> _Required action_:
Transcribe the entries below word for word, beginning at the line with "- Press on Request for quotations." and stopping after the line with "天然猫眼金曜石手串本命佛十二生肖佛珠黑曜石手链本命年男女同款"; drop all pictures.

> _Records to use_:
***
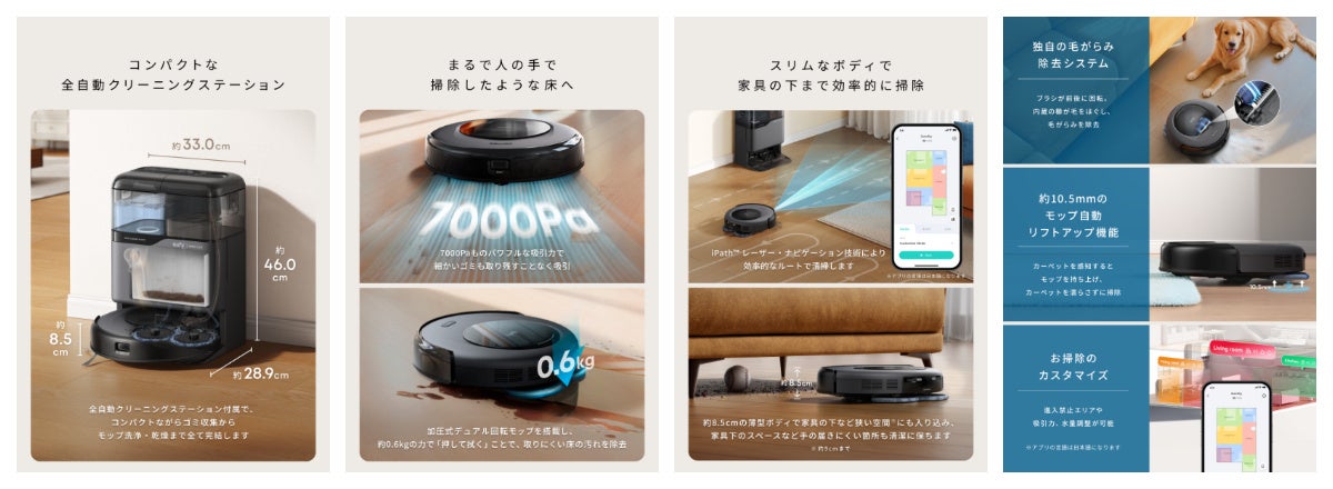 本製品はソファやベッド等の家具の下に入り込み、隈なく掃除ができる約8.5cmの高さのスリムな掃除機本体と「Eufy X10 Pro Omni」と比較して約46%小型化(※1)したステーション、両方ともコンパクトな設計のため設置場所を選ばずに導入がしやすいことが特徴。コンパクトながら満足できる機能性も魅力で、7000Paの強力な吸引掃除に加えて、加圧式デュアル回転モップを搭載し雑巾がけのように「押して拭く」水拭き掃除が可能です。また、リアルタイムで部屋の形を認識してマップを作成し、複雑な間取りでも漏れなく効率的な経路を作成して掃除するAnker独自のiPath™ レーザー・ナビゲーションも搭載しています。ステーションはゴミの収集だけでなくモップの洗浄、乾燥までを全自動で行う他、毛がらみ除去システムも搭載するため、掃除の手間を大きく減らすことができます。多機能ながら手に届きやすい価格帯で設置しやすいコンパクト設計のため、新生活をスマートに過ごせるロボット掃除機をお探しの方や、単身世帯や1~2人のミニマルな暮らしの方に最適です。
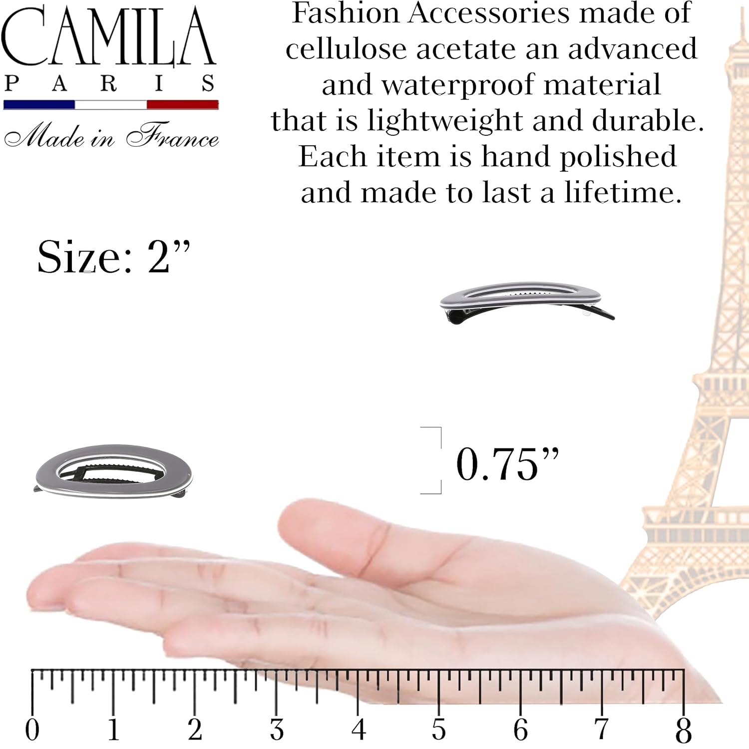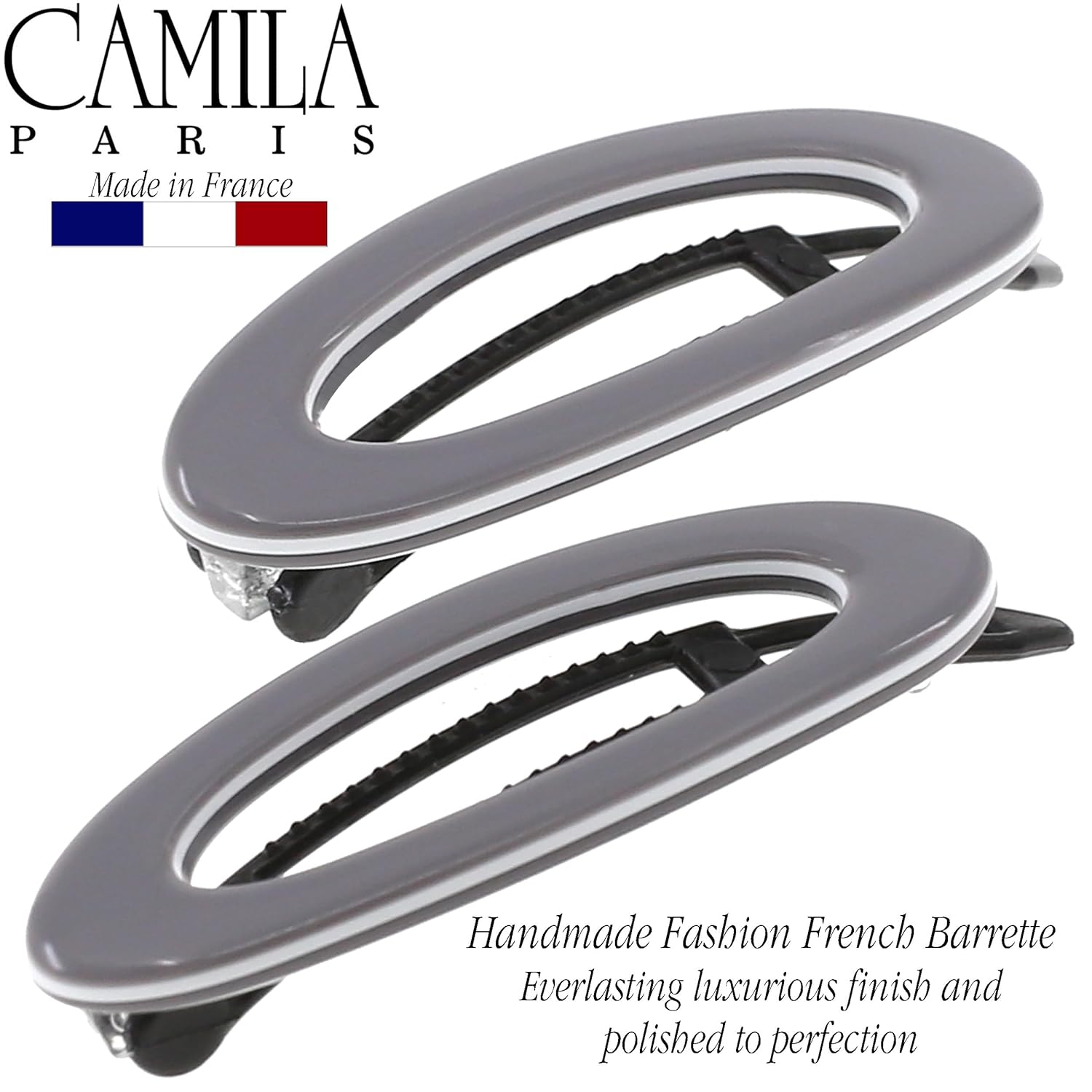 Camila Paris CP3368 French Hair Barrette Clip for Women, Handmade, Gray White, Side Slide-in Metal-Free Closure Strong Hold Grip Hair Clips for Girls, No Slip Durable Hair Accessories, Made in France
***
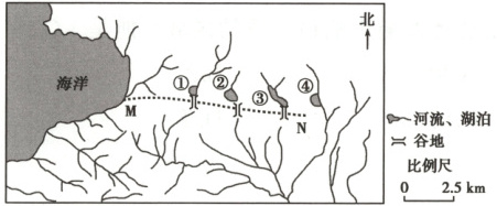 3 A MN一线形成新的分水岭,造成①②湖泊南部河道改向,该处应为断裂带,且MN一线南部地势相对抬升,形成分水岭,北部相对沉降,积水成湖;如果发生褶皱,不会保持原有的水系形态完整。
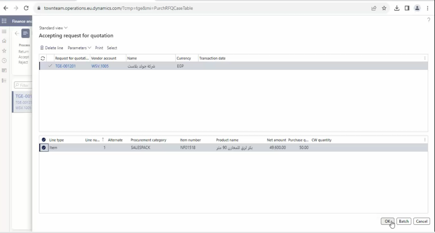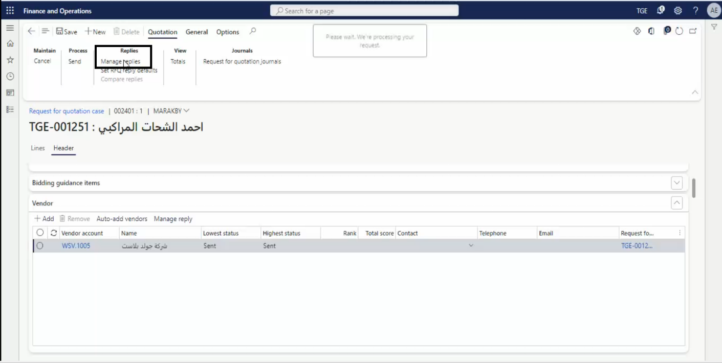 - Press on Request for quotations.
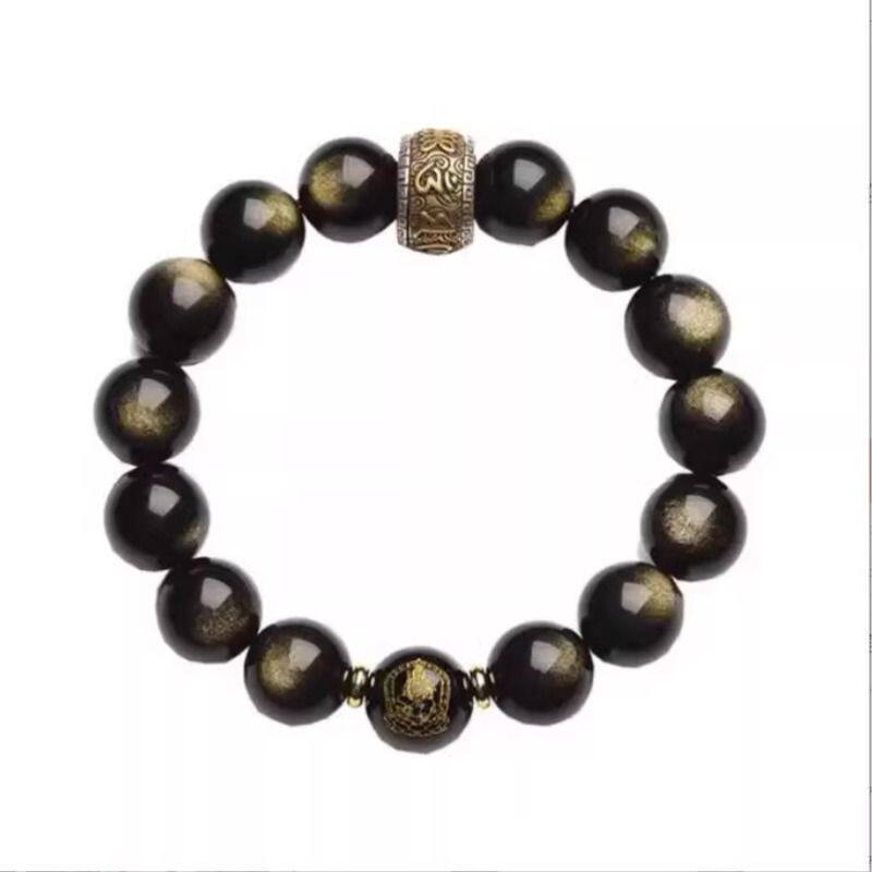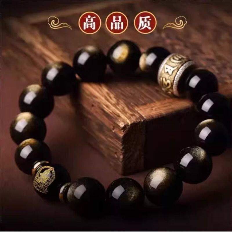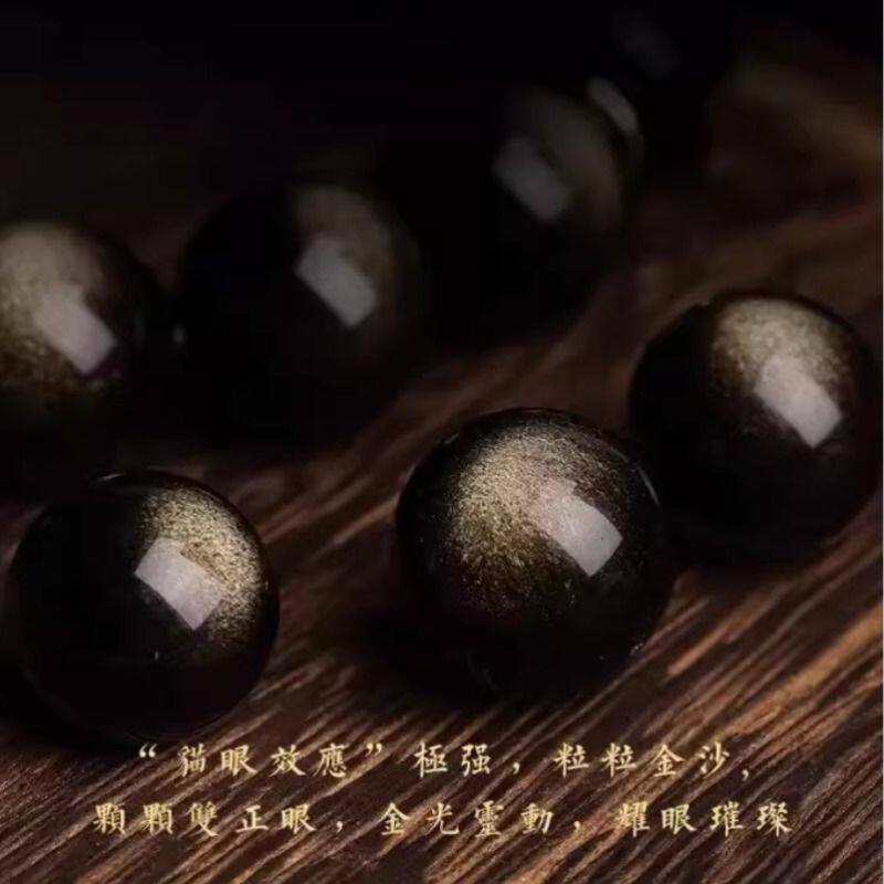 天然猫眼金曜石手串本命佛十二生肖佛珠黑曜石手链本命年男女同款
***
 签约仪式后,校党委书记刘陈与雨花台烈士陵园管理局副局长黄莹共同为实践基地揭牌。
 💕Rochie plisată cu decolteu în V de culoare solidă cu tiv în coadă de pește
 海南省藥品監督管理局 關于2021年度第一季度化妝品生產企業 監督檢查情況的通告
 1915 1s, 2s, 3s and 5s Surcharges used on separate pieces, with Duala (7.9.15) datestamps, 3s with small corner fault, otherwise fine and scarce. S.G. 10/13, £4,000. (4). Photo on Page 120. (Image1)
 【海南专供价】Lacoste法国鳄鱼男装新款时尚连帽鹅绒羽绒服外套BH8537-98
***
> _Response_:
 - Press on Request for quotations.
 天然猫眼金曜石手串本命佛十二生肖佛珠黑曜石手链本命年男女同款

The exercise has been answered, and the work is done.